Date of Report (Date of earliest event reported): May 22, 2001


A.D.A.M., INC.
(Exact name of registrant as specified in its charter)

Georgia   000-26962   58-1878070
(State or other jurisdiction of incorporation)   (Commission File Number)   (I.R.S. Employer Identification No.)

1600 RiverEdge Parkway,
Suite 800,
Atlanta, Georgia
(Address of principal executive offices)

 

 

 

30328
(Zip Code)

Registrant's telephone number, including area code: (770) 980-0888


(Former name or former address, if changed since last report.)




Item 5.    Other Events.

        On May 22, 2002, the Company entered into an agreement with Fusion Capital Fund II, LLC, whereby the Company can sell to, and Fusion has agreed to purchase, up to $12 million of the Company's common stock. The Company has no obligation to ever sell shares to Fusion and generally has control over the timing and size of any sales of its shares to Fusion. The purchase price of the shares of common stock will be based on the future market price of the common stock, without any fixed discount to the market price. The term of the agreement is for 40 months.

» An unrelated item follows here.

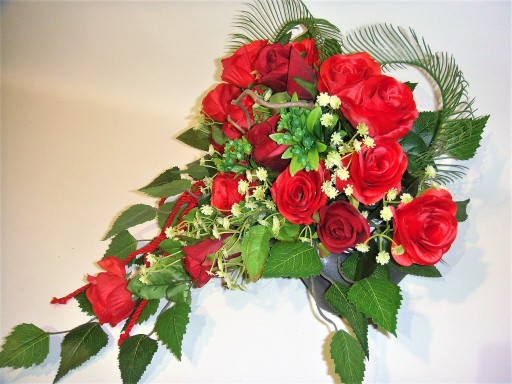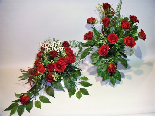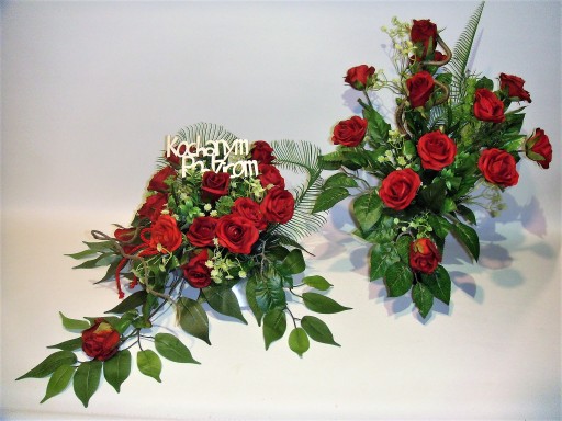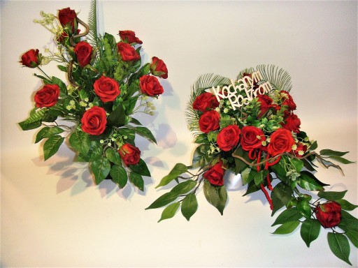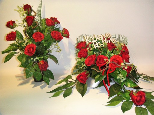 Do kompozycji użyto bardzo dobrej jakości sztucznych kwiatów oraz innych dodatków florystycznych jak pokazane na zdjęciach. Użyte materiały są odporne na warunki atmosferyczne, kompozycja z każdej strony prezentuje się bardzo ładnie.

As part of the agreement, the Company paid to Fusion a commitment fee in the amount of 160,000 shares of the Company's common stock. The Company intends to file a registration statement in the near future to cover the resale of the shares purchased under the agreement, including the commitment fee shares. The Company issued a press release announcing the arrangement with Fusion on June 3, 2002. A copy of the purchase agreement is filed herewith as Exhibit 10.1 and the press release is filed herewith as Exhibit 99.1.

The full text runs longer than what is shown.